Task statement – The line with "Terlihat dari hasil" and each line following it, up to the final line of the data, should be set down exactly; pictures stay out.

-------- Dataset extract

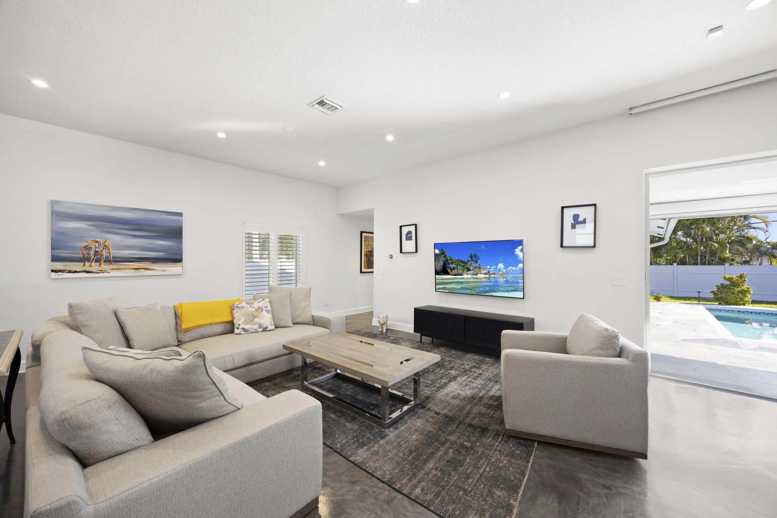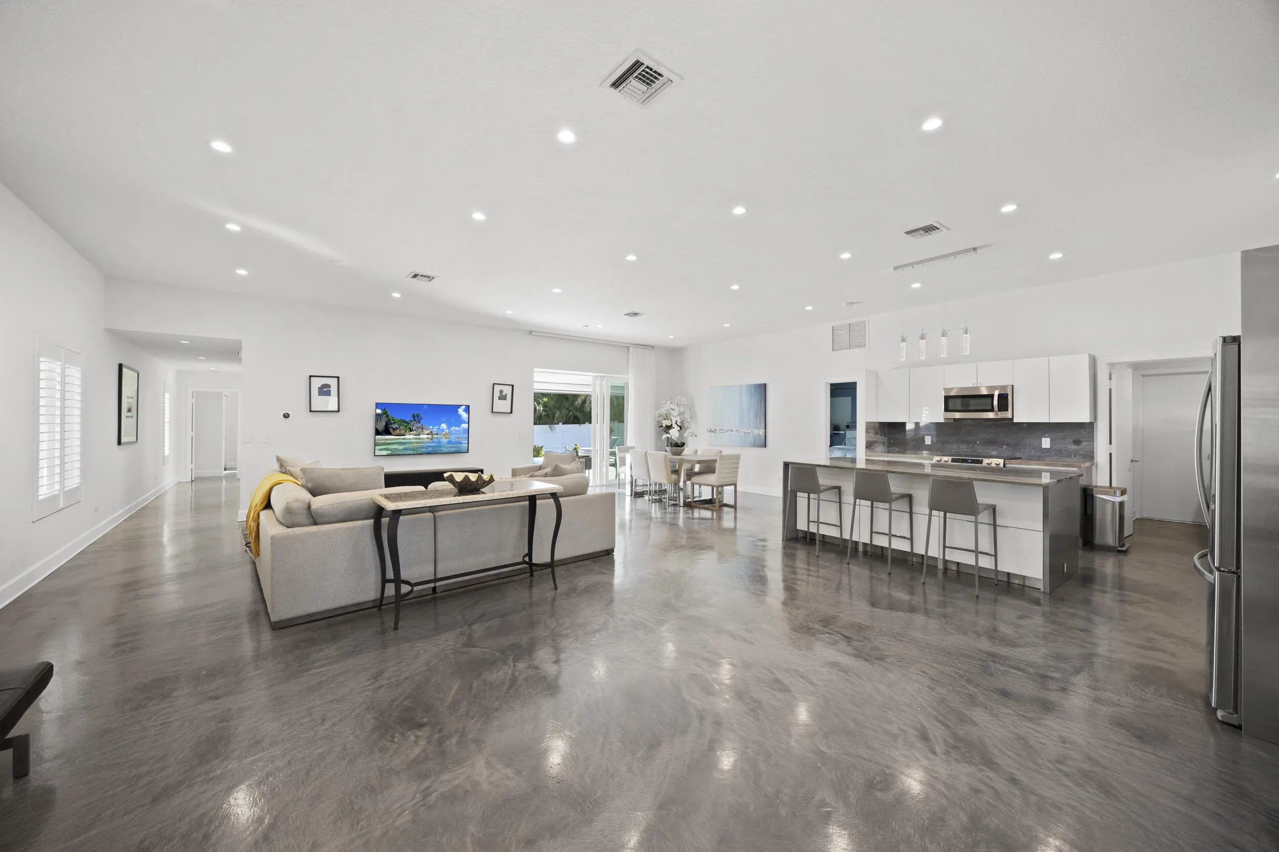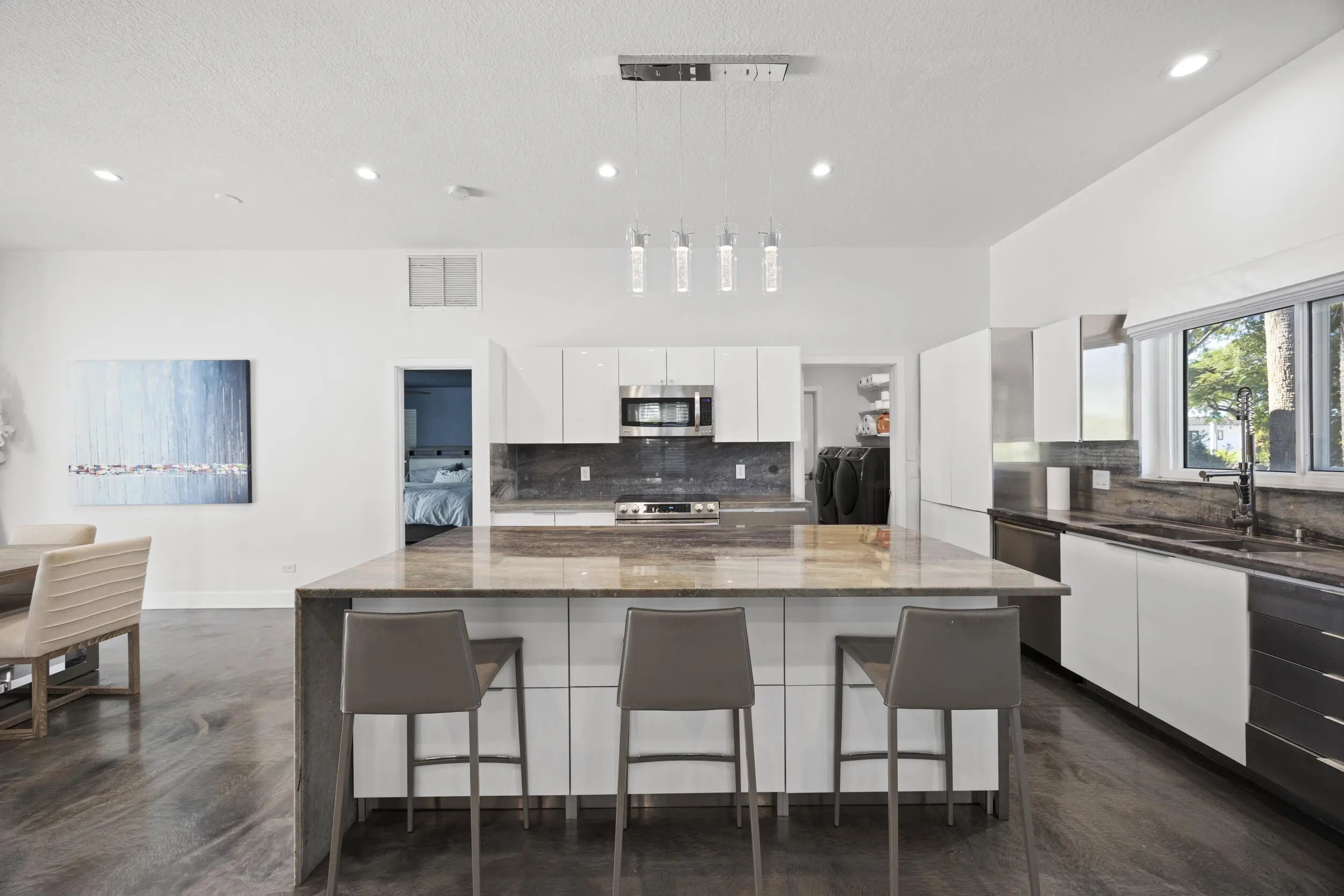 Beautifully renovated 3BR/2BA pool home, fully furnished and move in ready, featuring a spacious split floor plan and a designer kitchen with an oversized island, stainless steel appliances, and custom storage. Expansive sliding doors fully retract to create seamless indoor outdoor living. Both bathrooms showcase luxe Toto Neorest toilets, complemented by impact windows and an automated pool screen. Enjoy a lush, private backyard with a resort style pool and an oversized circular driveway. No HOA. Prime East Boca location just minutes from Mizner Park, FAU, beaches, and fine dining.
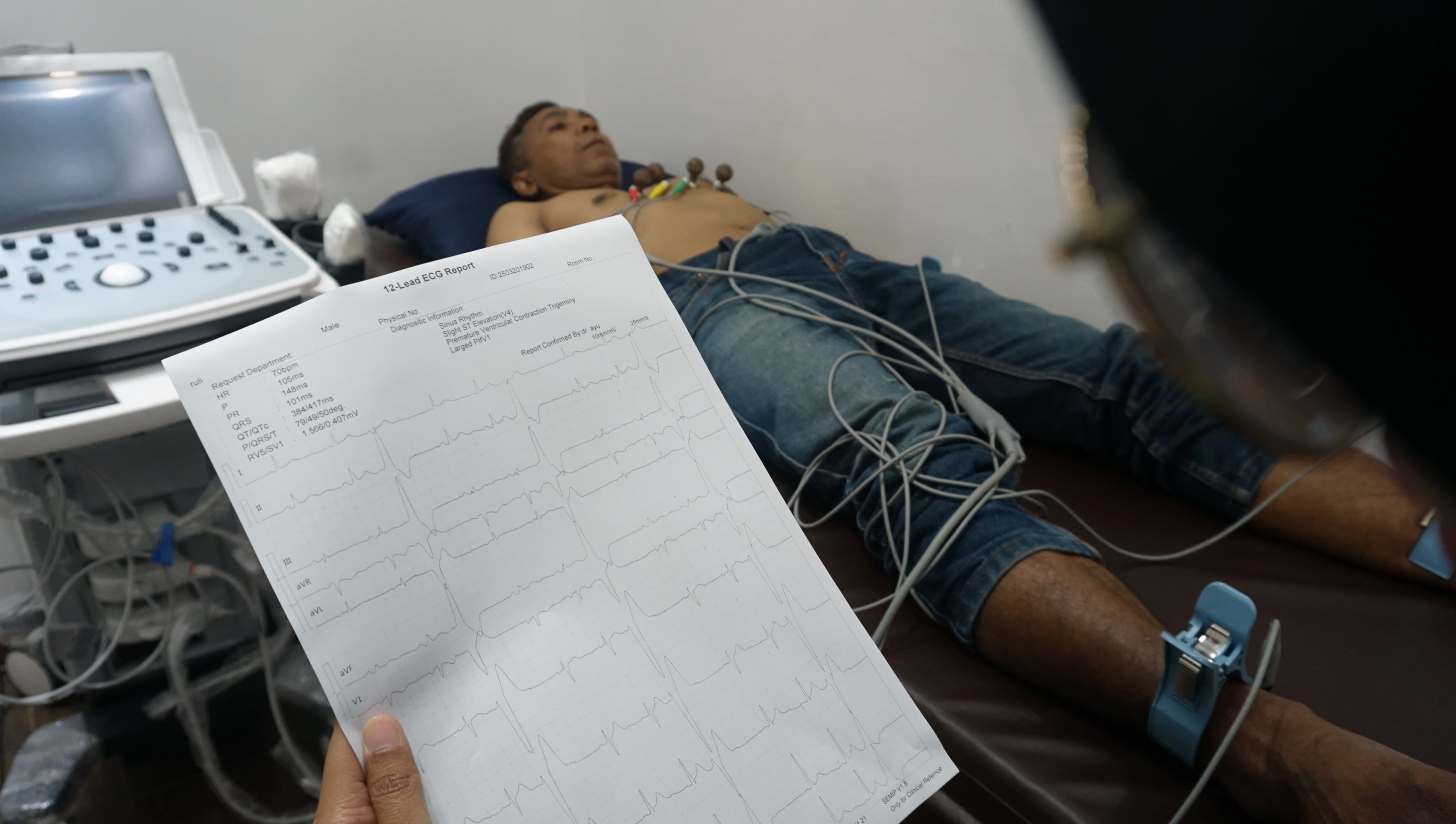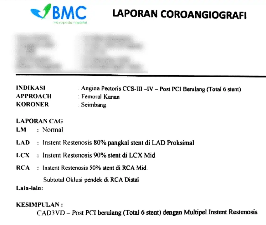 Terlihat dari hasil pemeriksaan angiografi terdapat penyempitan kembali (restenosis) pada ke-tiga ring jantung yang pernah dipasangkan pada pasien tersebut.
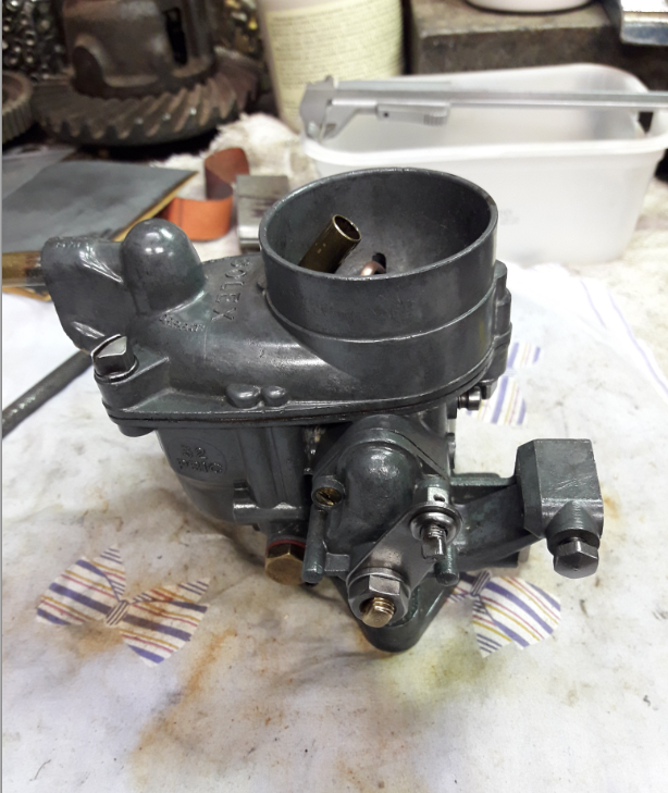 Aujourd'hui j'ai sorti du stock :clap: un beau carbu neuf d'époque 32 Pbic , qui équipe d'origine la Traction , acheté en brocante à une dame qui bradait le bric-à-brac de son ex et réglé rubis sur l’ongle le prix d'un paquet de Roudoudou , (et parti en courant :mdrr: ). Ce carburateur neuf est en monte Simca 3 cv donc reste plus qu'a commander gicleur , automaticité et buse pour le mettre en configuration TA .
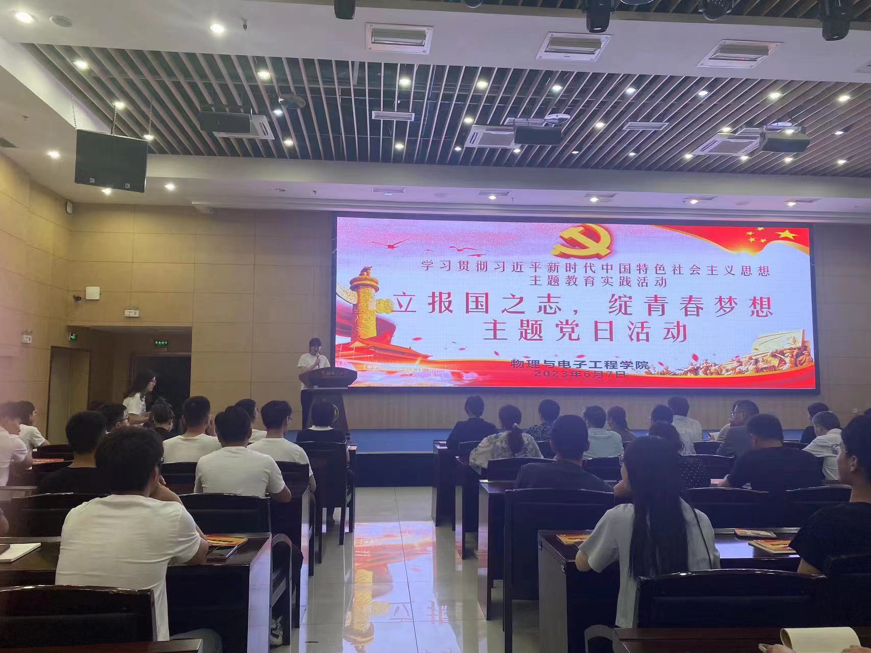 为进一步推动学习贯彻习近平新时代中国特色社会主义思想主题教育走深走实,创新主题教育理论学习形式内容,充分发挥毕业生党员的模范带头作用,有效促进“三强班级”“三好宿舍”内涵式建设,6月7日,beat365平台官方网站组织全体师生党员在国教楼一楼报告厅举办了“立报国之志,绽青春梦想”主题党日暨毕业生“最后一次”党课活动,五个党支部共计110名党员参加活动,活动由本科生第二党支部组织委员郑叶同学主持。

----------------

Result –
 Terlihat dari hasil pemeriksaan angiografi terdapat penyempitan kembali (restenosis) pada ke-tiga ring jantung yang pernah dipasangkan pada pasien tersebut.
 Aujourd'hui j'ai sorti du stock :clap: un beau carbu neuf d'époque 32 Pbic , qui équipe d'origine la Traction , acheté en brocante à une dame qui bradait le bric-à-brac de son ex et réglé rubis sur l’ongle le prix d'un paquet de Roudoudou , (et parti en courant :mdrr: ). Ce carburateur neuf est en monte Simca 3 cv donc reste plus qu'a commander gicleur , automaticité et buse pour le mettre en configuration TA .
 为进一步推动学习贯彻习近平新时代中国特色社会主义思想主题教育走深走实,创新主题教育理论学习形式内容,充分发挥毕业生党员的模范带头作用,有效促进“三强班级”“三好宿舍”内涵式建设,6月7日,beat365平台官方网站组织全体师生党员在国教楼一楼报告厅举办了“立报国之志,绽青春梦想”主题党日暨毕业生“最后一次”党课活动,五个党支部共计110名党员参加活动,活动由本科生第二党支部组织委员郑叶同学主持。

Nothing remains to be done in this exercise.